You have just had a cavity filled, and now the tooth hurts more than it did before — this is a frustrating but common experience. Post-operative sensitivity after a dental filling affects a significant proportion of patients, with studies published in the Journal of the American Dental Association reporting sensitivity rates of 10 to 40 per cent following posterior composite resin restorations. At Townsville Dental Clinic, we take steps to minimise post-filling discomfort, but some degree of temporary sensitivity is a normal part of the healing process. Understanding what is normal — and what is not — helps you decide whether to wait it out or call us.

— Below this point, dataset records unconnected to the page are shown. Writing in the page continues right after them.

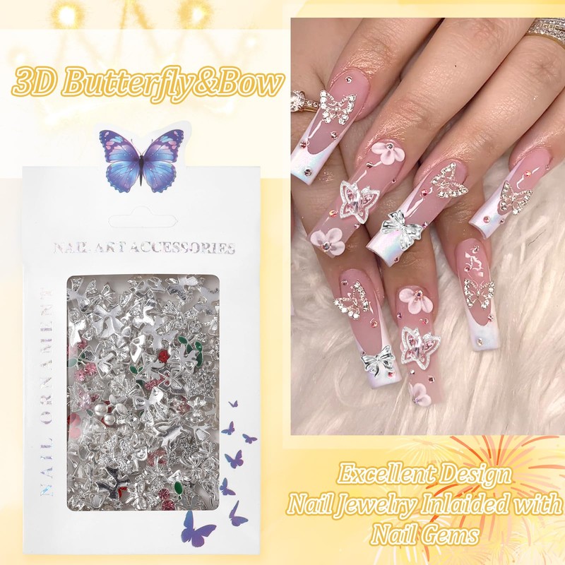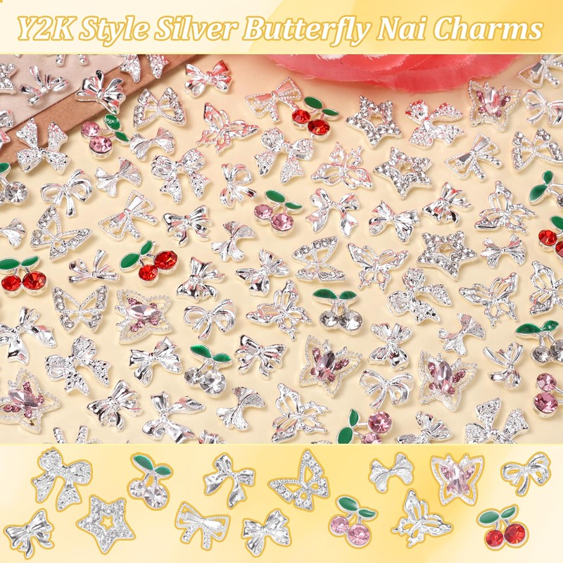 - Y2K Nail Charms: Embrace the Y2K aesthetic with these adorable 3D butterfly nail charms, star nail gems charms and mixed bow tie nail charms, reminiscent of the playful and nostalgic styles of the early 2000s. Add a touch of retro charm to your nail art looks with these shiny silver nail charms and mixed butterflies nail charms
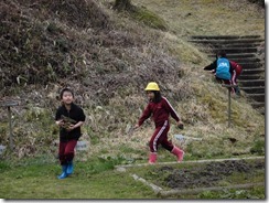 3年生(写真右)は、「げんき100%がんばるぞ」です。楽しく仲のよい3年生、礼儀正しい3年生、10人の力を合わせてがんばる3年生になることが目標です。
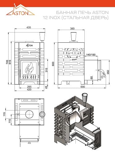 Линейка печей ASTON из нержавеющей стали рассчитана на установку в парные объёмом от 6 до 22 м3.
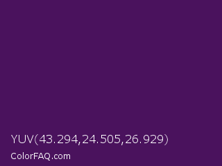 YUV 43.294,24.505,26.929 Color is a very dark purple color and the nearest color is Scarlet Gum #431560. Hex code #4a125d and RGB value is rgb(74,18,93). In RGB color space, this color is composed of 29% red, 7% green, 36% blue, In CMYK color space, this color is composed of 20% cyan, 81% magenta, 0% yellow , 64% black , In HSL color space, this color has a hue angle of 285° , 68% saturation and 22% lightness.
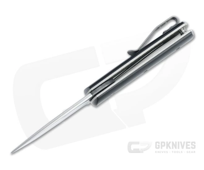 The Custom Brad Zinker Drop Point Shorty LLF is a diminutive daily carry folder sporting an ultralight liner lock construction. Custom-made by hand with precision fit and finish and premium materials, the Shorty is a stylish daily carry that blends modern style with traditional design. This version comes with a stonewashed CPM-154 drop point blade, jeweled titanium liners and black paper Micarta scales.
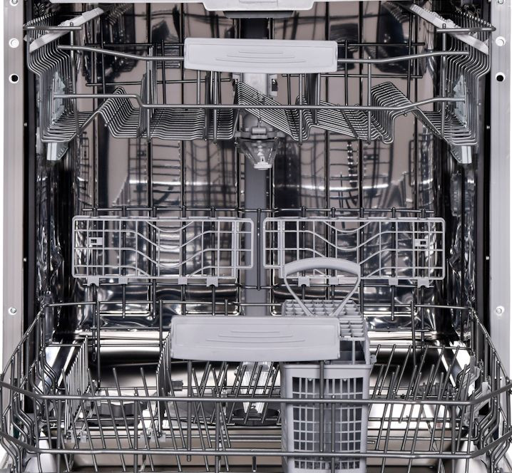- Удобная полная встраиваемая конструкция с нержавеющим фасадом и тремя регулируемыми корзинами для разных наборов посуды.
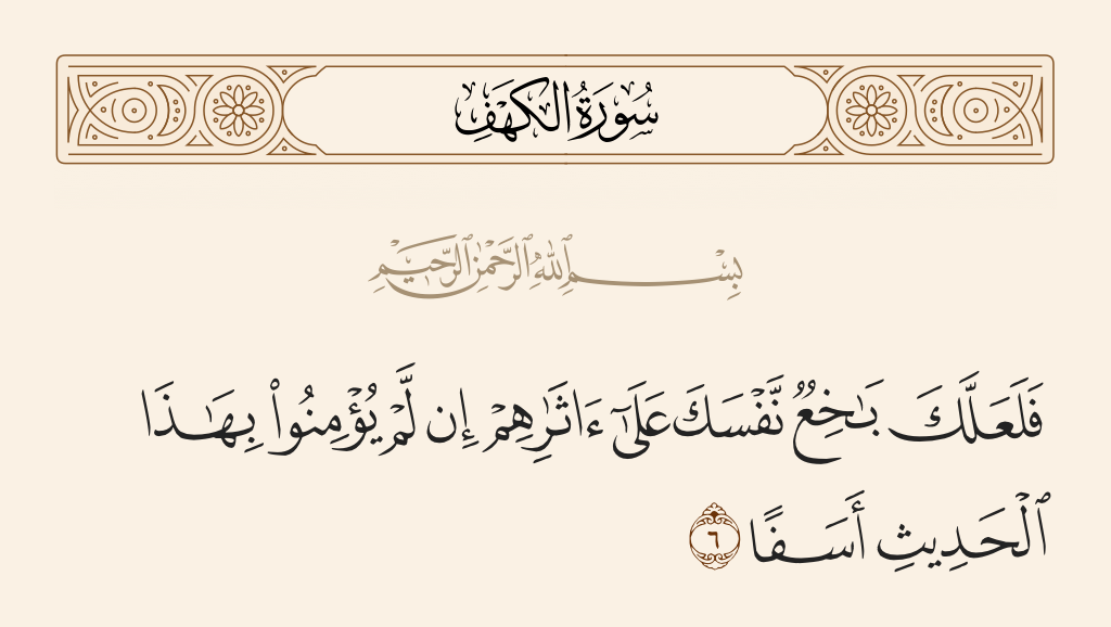 قال تعالى: «فَلَعَلَّكَ بَاخِعٌ نَفْسَكَ عَلَى آثَارِهِمْ إِنْ لَمْ يُؤْمِنُوا بِهَذَا الْحَدِيثِ أَسَفًا».

Why Fillings Cause Temporary Pain
The Procedure Itself
Placing a filling involves several steps that temporarily irritate the tooth’s nerve:
- Decay removal — the high-speed drill generates vibration and frictional heat
- Acid etching — the bonding process uses phosphoric acid to create microscopic pores in the enamel for adhesion
- Bonding agent — chemical primers are applied to the dentine surface
- Composite placement and curing — blue light curing generates a small amount of heat
- Polymerisation shrinkage — composite resin contracts slightly as it hardens, which can create stress at the tooth-filling interface
Each of these steps can contribute to temporary nerve irritation. The deeper the cavity, the less dentine remains between the filling material and the nerve, and the more pronounced the sensitivity tends to be.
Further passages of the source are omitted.